Sue: Thank you, Priscilla. It’s a pleasure to be here.
To start us off, could you share a bit about Elligent Health and your role as Chief Growth Officer?
Sue: Elligent Health is focused on whole-person, proactive care—making care more connected and actionable. We bring together clinical, behavioral health, and social data so care teams have a complete picture of each individual’s needs. My role is to expand that mission by building strategic partnerships that extend the value of our ecosystem—working with organizations like Unite Us to bring more value into communities and ultimately improve outcomes. My job is to help Elligent grow in ways that make the broader ecosystem stronger, more connected, and more sustainable.
From your perspective, what’s driving demand for more proactive, connected care, and how is Elligent embedding that into its platform and partnerships?
Sue: We know health outcomes are shaped far beyond clinical walls. Clinical care contributes roughly 20% to outcomes, while 40–50% is driven by social determinants of health. Two people with the same condition can have very different outcomes because of social factors. We embed this philosophy directly into our platform and through partnerships—so care teams see the full picture and can act on social needs, not just clinical ones.

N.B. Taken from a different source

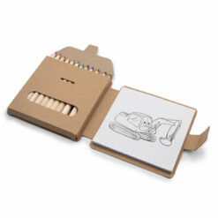Zestaw do kolorowania, zawiera 12 drewnianych kredek ołówkowych oraz 40 kolorowanek w opakowaniu wykonanym z kartonu kraftowego, kredki są zabezpieczone wbudowanym kartonowym etui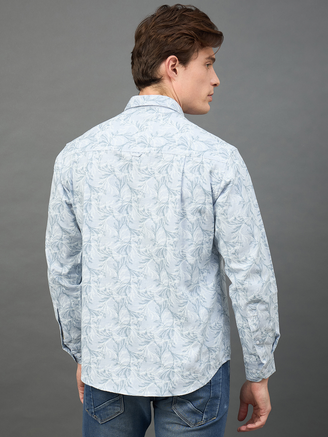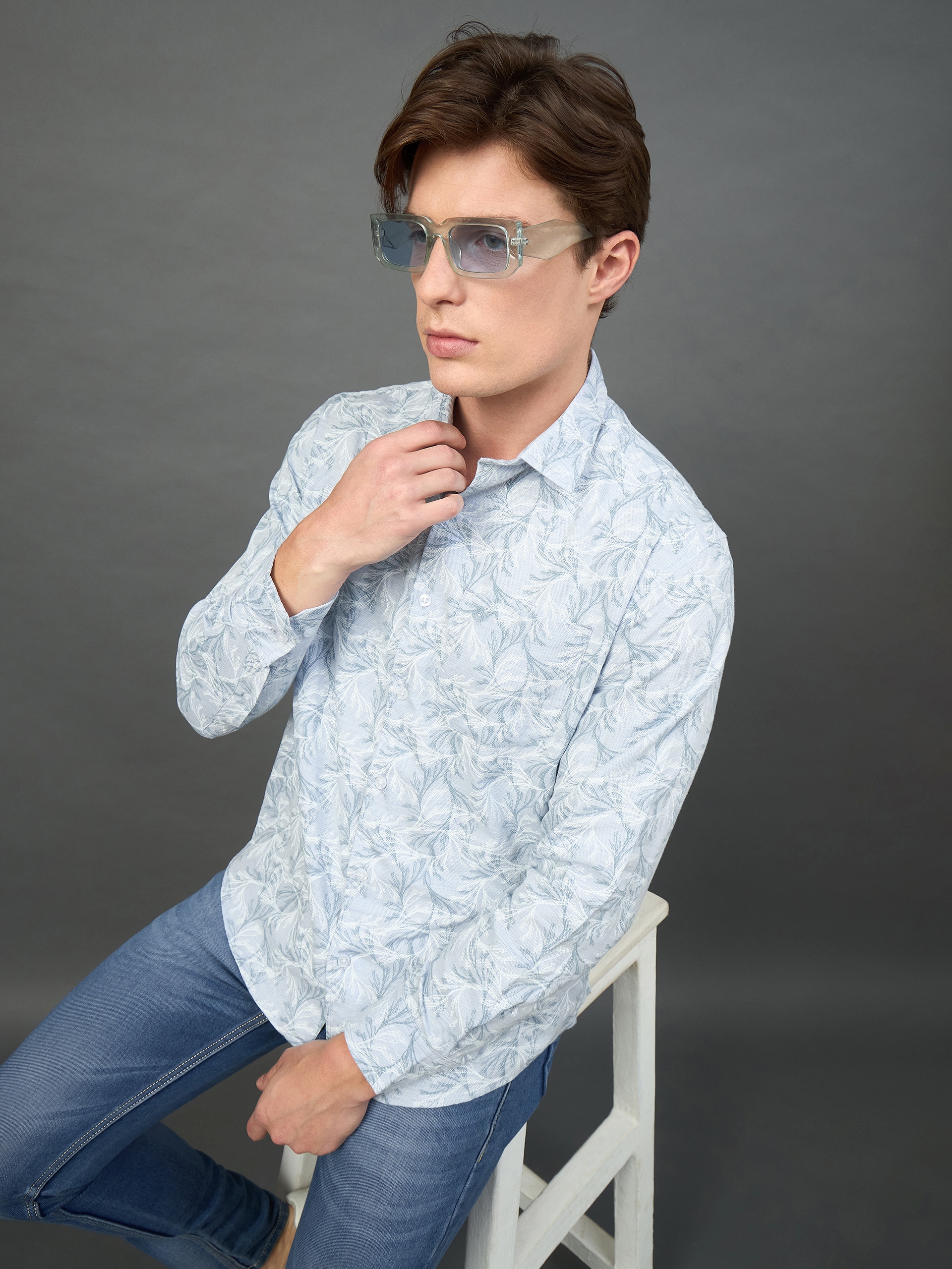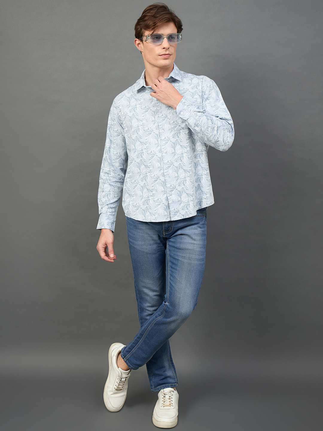 Men Slim Fit Light Blue Collar Casual Shirt

That partnership focus led to the Elligent–Unite Us integration, which enables organizations to connect patients and members to community resources directly from Elligent’s care management platform. What inspired the partnership, and which challenges are you solving together?
Sue: We share a commitment to addressing nonmedical drivers of health. Many clients used to rely on paper binders of community resources—hard to maintain, hard to track. Together with Unite Us, we provide a digital, closed-loop approach so teams can find resources, make referrals, and see whether services were delivered. It’s embedded alongside clinical workflows, so whole-person care becomes actionable and scalable.
For those following along, can you walk us through the integration from a provider’s perspective—what it enables for workflows, care coordination, and efficiency?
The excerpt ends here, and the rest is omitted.